Si la guerre n’aide plus à bâtir des nations, c’est en partie parce que peu de nouvelles nations attendent d’être construites. La décolonisation et la fin de la guerre froide ont donné naissance à des dizaines de nouveaux pays dans le monde. De plus, la perspective qu’un pays mène une guerre de conquête et subsume ou incorpore un voisin viole les normes de la politique internationale établies à la fin du XXe siècle. Les nations qui subsistent, pour la plupart, à l’intérieur de leurs frontières. Bon nombre des gains qui nécessitaient auparavant une conquête territoriale peuvent maintenant être réalisés grâce à la conquête de parts de marché, au truquage des élections et à l’hégémonie militaire.

Dans le passé, l’édification de la nation impliquait souvent des appels à l’ethnicité et à l’idéologie de la part des dirigeants politiques. Mais la politique et la violence à caractère ethnique que de nombreuses nations ont embrassées au début de leur histoire sont tombées dans le discrédit et donneraient probablement lieu à des accusations de crimes de guerre. Peut-être plus important encore, aucune idée forte n’anime la politique mondiale comme elle le faisait autrefois. À la fin de la Seconde Guerre mondiale, Sukarno, le dirigeant de l’Indonésie moderne, a fait la promotion d’une idéologie qu’il avait lui-même élaborée en faisant de ce mélange de nationalisme, de marxisme et d’islam, dans le cadre de son effort réussi pour unifier l’Indonésie. Pour Sukarno, les principales croyances et idées qui ont traversé le monde à l’époque ont permis de bâtir une nation vaste et peuplée à partir d’une chaîne ethniquement diversifiée d’îles éloignées. Mais la politique mondiale d’aujourd’hui est dépourvue de grandes idées et d’idéologies révolutionnaires. La plupart des pays se sont conformés au Consensus de Washington sur les normes de gouvernance et d’économie. Même les autocraties restantes respectent largement ces règles. Seuls quelques pays d’Amérique latine – la Bolivie, par exemple – s’enorgueillissent de mouvements politiques au niveau national visant à remettre en cause le néolibéralisme.

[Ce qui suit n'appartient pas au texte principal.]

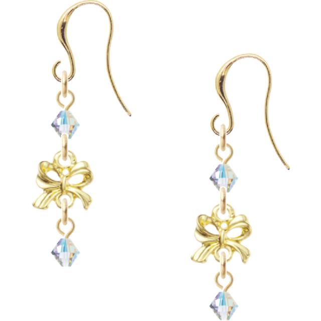 ■ゴールド ピアス スワロフスキー リボンチャーム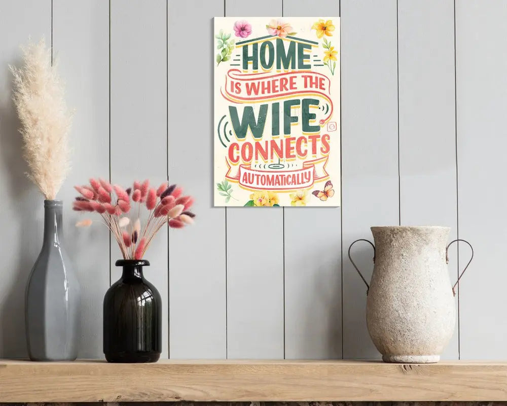 https://www.noblehomeinteriors.store/products/12-x-12-white-green-and-orange-home-is-where-the-wife-connects-automatically-canvas-hanging-wall-decor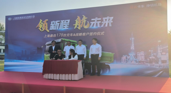 2023年4月20日,一汽解放青汽聯合經銷商上海鑫垚汽車銷售服務有限公司,在上海隆重舉行178臺交車儀式&戰略大客戶簽約儀式。解放青汽自卸車在完成上海市場全新突破的同時,為上海客戶帶來了產品更高端、服務更高效、質量更可靠的綠色智慧渣土自卸,為用戶創富添力,更為上海城市綠色建設貢獻力量。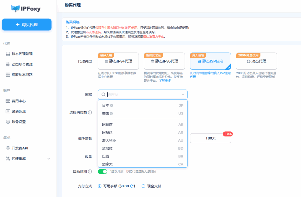 这里就可以选择行业内比较稳定的服务商,比如IPFoxy。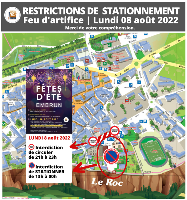 Le ville d'Embrun vous informe de restrictions de circulation et de stationnement au niveau de l'Espace Delaroche le lundi 08 août pour le bon déroulement du feu d'artifice des Fêtes d'été d'Embrun:
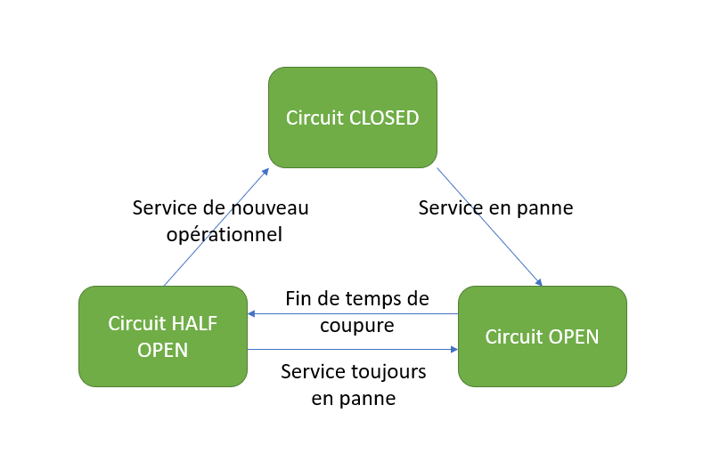 Lorsque le statut du circuit est CLOSED, tout fonctionne correctement. En cas d’erreurs (dans notre exemple : 1), le circuit passe en OPEN est applique la stratégie choisie pendant le temps demandé (dans notre exemple 20 secondes). Une fois le temps écoulé, le circuit vérifie si pas d’erreur et revient au statut CLOSED ou OPEN suivant le cas.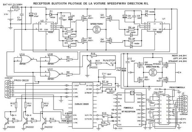 Le microcontrôleur de tipo CB220 fournira un señal PWM à une fréquence: f = 2304000/128 = 18 kHz ce qui donne un español silencieux du moteur. Il recevra les información par les llevado P10 y P11 (RX1 et TX1 en TTL) vía une interfaz d'adaptation avec le módulo bluetooth. De plus CB220 le presenta l'avantage de pouvoir être alimenté entre 5 y 12V. Enlace de 19200 baudios, 8N1 pour la comunicación RS232.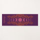 Bright and colourful double sided Moon Phase Celestial Stars Lotus Line Drawing Yoga Mat on a plum purple background with pink and orange moon and floral botanical and lotus flower details. Perfect for exercise, pilates, meditation, or your yoga practice. Makes an excellent gift for a yoga instructor. Magical celestial design. Easily personalise with your own text or name. Font colour and style can be changed in the design tool.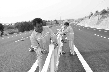 19日上午,在萊山區(qū)萊源路南延公路上,8名萊山公路局的工人正在加緊安裝中央隔離護欄。這批由“搪瓷”技術結合“太陽能自發(fā)光”柱帽的護欄,港城首次引入,目前,全部安裝工程已完成約70%,預計本周內(nèi)完工。
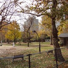 12月初旬の「日比谷公園 草地広場」、前日からの強風もあり、落ち葉が目立ちました。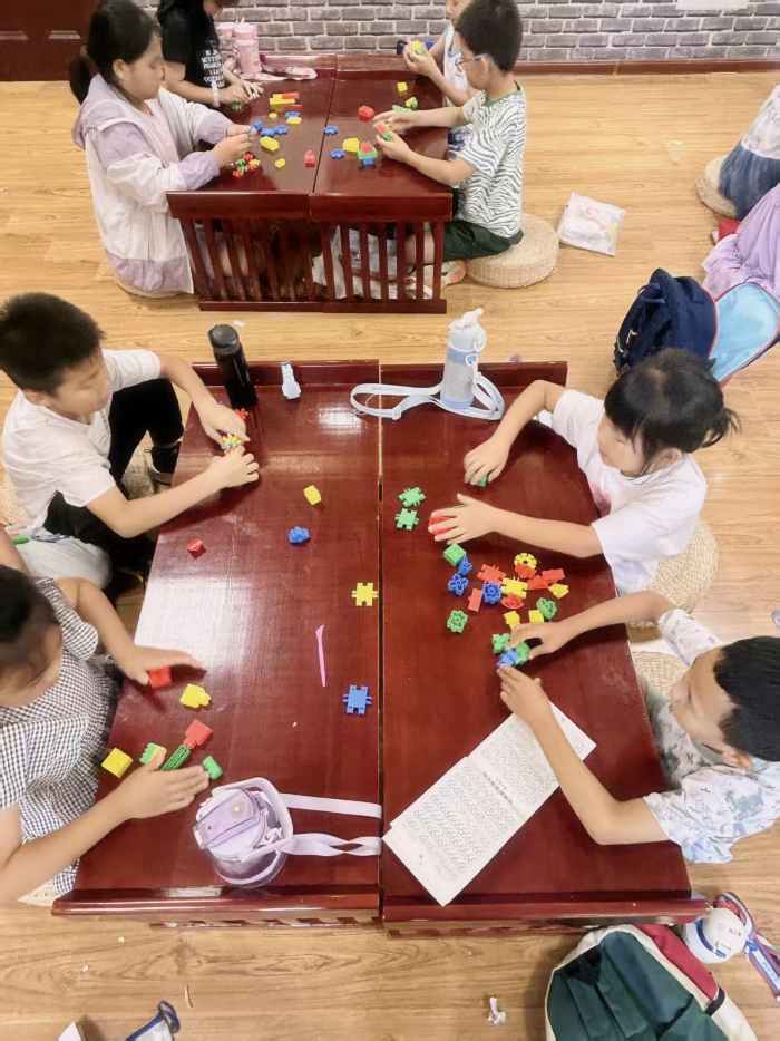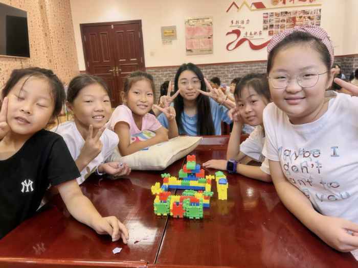 積木創(chuàng)意拼接環(huán)節(jié)則為孩子們的想象力提供了更廣闊的空間。實(shí)踐團(tuán)不設(shè)固定主題,引導(dǎo)孩子們自由發(fā)揮,小小的積木塊在孩子們手中變成了飛機(jī)、城堡、宇宙飛船等各式作品,協(xié)作的樂(lè)趣與創(chuàng)新的火花在互動(dòng)中持續(xù)迸發(fā)。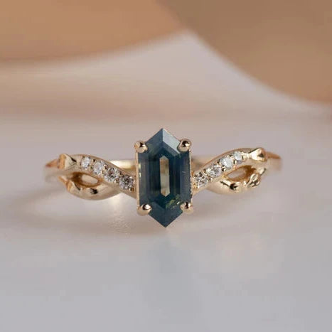 Pine Sapphire Ring – 14k Yellow Gold Hexagon Sapphire and Diamond Leaf Ring

En somme, l’ère de l’édification de la nation est peut-être révolue. Espérons que oui. L’édification d’une nation implique, au fond, la violence de la répression interne et des conflits externes. La France de l’ère révolutionnaire, l’Amérique jacksonienne et la Chine maoïste – trois périodes marquantes de l’édification de la nation dans l’histoire mondiale – sont aussi connues pour leurs crimes que pour leurs réalisations durables. Si la fin de l’ère de l’édification d’une nation peut être une aubaine pour le monde en général, elle n’est guère réconfortante pour les pays qui luttent pour s’établir. Il n’y aura probablement pas de Sukarno pour l’Afghanistan ou la Somalie, deux pays où une série d’aspirants ont échoué pendant des décennies à devenir de véritables dirigeants nationaux ou à renforcer la nationalité de leur pays. Le Kurdistan irakien, le territoire kurde de l’Irak, une nation sans Etat, n’est pas prêt de lever son propre drapeau dans un avenir proche, restant dans une sorte de statut semi-autonome. C’est la source d’une énorme frustration pour les Kurdes du Moyen-Orient, comme l’a clairement montré le récent référendum sur l’indépendance au Kurdistan irakien. Mais le chemin vers la nation que recherchent de nombreux Kurdes semble avoir disparu.